Crossing Borders 12: A Steam Train Trip 100 Years Ago

“Over the river and through the woods to grandmother’s house we go,” is a line from a popular Christmas song. Some of you may visit grandparents this holiday season. This story, however, is about my grandmother visiting me.

After graduating from university in Georgia, I moved from Atlanta to Columbia, South Carolina to begin my work career with the NCR Corporation. My parents, sister and grandmother came for a weekend visit. After showing them around the city, we decided to eat at California Dreaming, a restaurant located inside Columbia’s former Union railway station. My grandma gazed at the décor and tall southern-facing windows. She seemed to be contemplating something. Finally, she spoke.

“I’ve been here before,” she pronounced, “but not to eat.” When asked for details, she continued. “I was here in 1925 to change trains.”

Union Station was built in 1902. Like many cities that grew up around transport hubs, Columbia had multiple train stations.  Sometimes this was based on geographical orientation, such as north-to-south or east-to-west. More often, it was the result of competition between private railroad companies. In 1900, Columbia was served by five different railroads. For passengers, it could be a hassle to change trains, especially in bad weather.

My grandmother’s story is as interesting as the train station’s. Born in 1905, she grew up in the Deep South in an era when most women worked around the home, primarily as farmers, mothers and housekeepers.
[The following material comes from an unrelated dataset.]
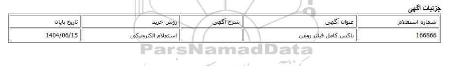 | 166866 | باکس کامل فیلتر روغن | استعلام الکترونیکی | 1404/06/15 |

With an interest in mathematics, she graduated from high school and attended Georgia’s state teachers’ college in Athens, known as the State Normal School. She graduated in 1925. With her new diploma, she set out by herself on a steam train journey to Murrells Inlet, South Carolina. Here she taught plane and solid geometry.

Her solo train trip took her through eastern Georgia and across the state of South Carolina. She traveled on the Southern Railway through Augusta to Columbia. From here, the journey became more complicated, as the Southern Railway ran south to Charleston and Savannah, but no tracks ran east. Therefore, at Columbia’s Union Station, she changed to the Atlantic Coast Railroad’s service to North Carolina, crossing another border into that state. There, she changed trains again for a southbound train to Myrtle Beach.

In today’s world of automobiles, interstate highways, and jet airplanes, we do not realize how long and cumbersome, not to mention dangerous, an interstate train trip was in the 1920s. For a single woman traveling alone, that was quite a journey.

In the fall of 1991, a few years after my grandmother’s visit, I had the rare opportunity to board a steam-powered passenger train at Union Station. It was a special excursion train sponsored by the National Railway Historical Society, South Carolina Railroad Museum, and the Norfolk Southern Railroad. The train was pulled by the beautiful class J steam locomotive, number 611. A special highlight was returning to Columbia that evening and watching the wide-eyed faces of the diners at California Dreaming as the huge steam engine pulled in to what was once a busy train station.

Engine #611, while retired from passenger service in 1959, has been restored several times and continues to make special excursions around the southeast.

As you travel this holiday season, stay safe. And as you are going, take a moment to reflect on what it was like to travel across state borders 100 years ago in the bygone era of steam trains.